*** Material shown
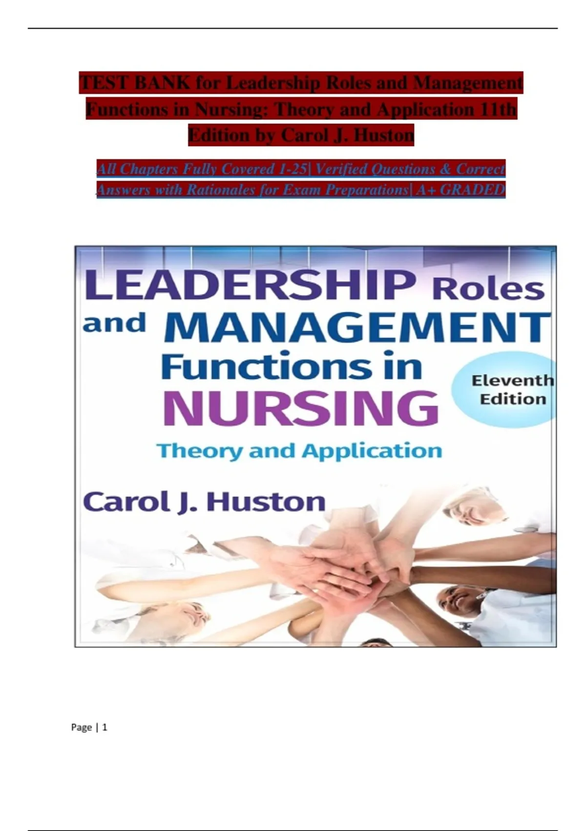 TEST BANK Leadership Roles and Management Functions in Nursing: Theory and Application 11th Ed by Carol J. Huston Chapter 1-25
******
*** Material shown
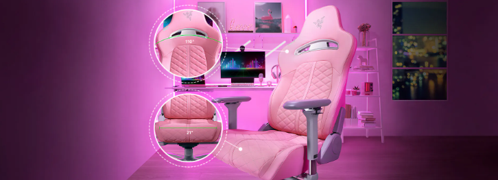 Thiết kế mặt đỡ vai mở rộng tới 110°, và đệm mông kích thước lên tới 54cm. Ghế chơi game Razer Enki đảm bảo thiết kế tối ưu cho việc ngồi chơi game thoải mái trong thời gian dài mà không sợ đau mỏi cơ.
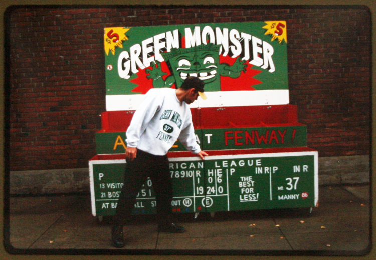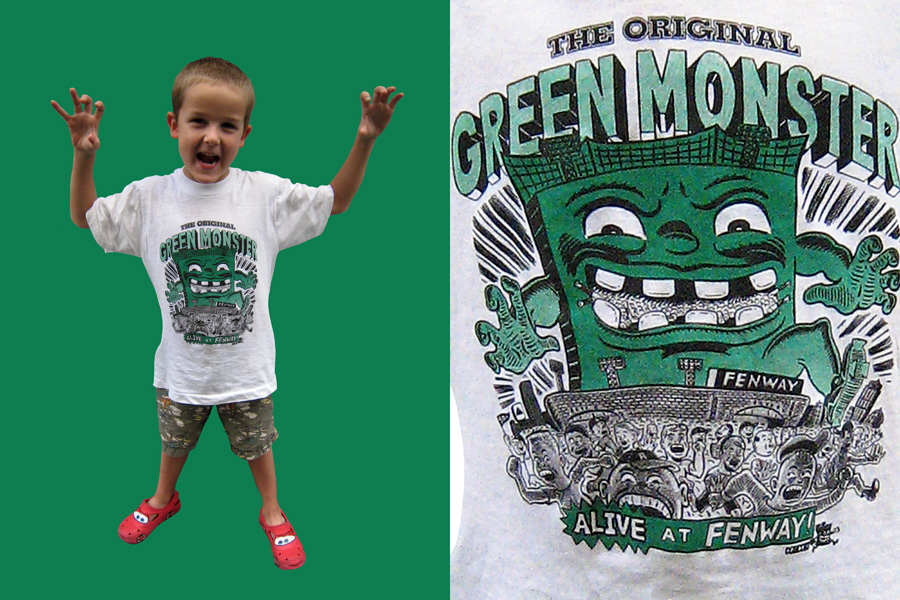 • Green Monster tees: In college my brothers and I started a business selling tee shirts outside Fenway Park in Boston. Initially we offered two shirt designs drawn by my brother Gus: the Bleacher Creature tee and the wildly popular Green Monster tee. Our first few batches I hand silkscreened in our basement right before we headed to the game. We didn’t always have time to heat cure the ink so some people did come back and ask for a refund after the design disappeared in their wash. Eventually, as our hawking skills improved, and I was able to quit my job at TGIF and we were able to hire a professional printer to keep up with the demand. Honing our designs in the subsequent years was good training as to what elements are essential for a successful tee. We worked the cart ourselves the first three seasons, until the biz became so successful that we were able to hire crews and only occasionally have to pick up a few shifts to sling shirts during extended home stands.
******
[How to complete this task]:
Among the entries above, copy exactly the stretch from the line holding "Thiết kế mặt" through the line holding "extended home stands.", leaving out any pictures.

[Exercise output]:
 Thiết kế mặt đỡ vai mở rộng tới 110°, và đệm mông kích thước lên tới 54cm. Ghế chơi game Razer Enki đảm bảo thiết kế tối ưu cho việc ngồi chơi game thoải mái trong thời gian dài mà không sợ đau mỏi cơ.
 • Green Monster tees: In college my brothers and I started a business selling tee shirts outside Fenway Park in Boston. Initially we offered two shirt designs drawn by my brother Gus: the Bleacher Creature tee and the wildly popular Green Monster tee. Our first few batches I hand silkscreened in our basement right before we headed to the game. We didn’t always have time to heat cure the ink so some people did come back and ask for a refund after the design disappeared in their wash. Eventually, as our hawking skills improved, and I was able to quit my job at TGIF and we were able to hire a professional printer to keep up with the demand. Honing our designs in the subsequent years was good training as to what elements are essential for a successful tee. We worked the cart ourselves the first three seasons, until the biz became so successful that we were able to hire crews and only occasionally have to pick up a few shifts to sling shirts during extended home stands.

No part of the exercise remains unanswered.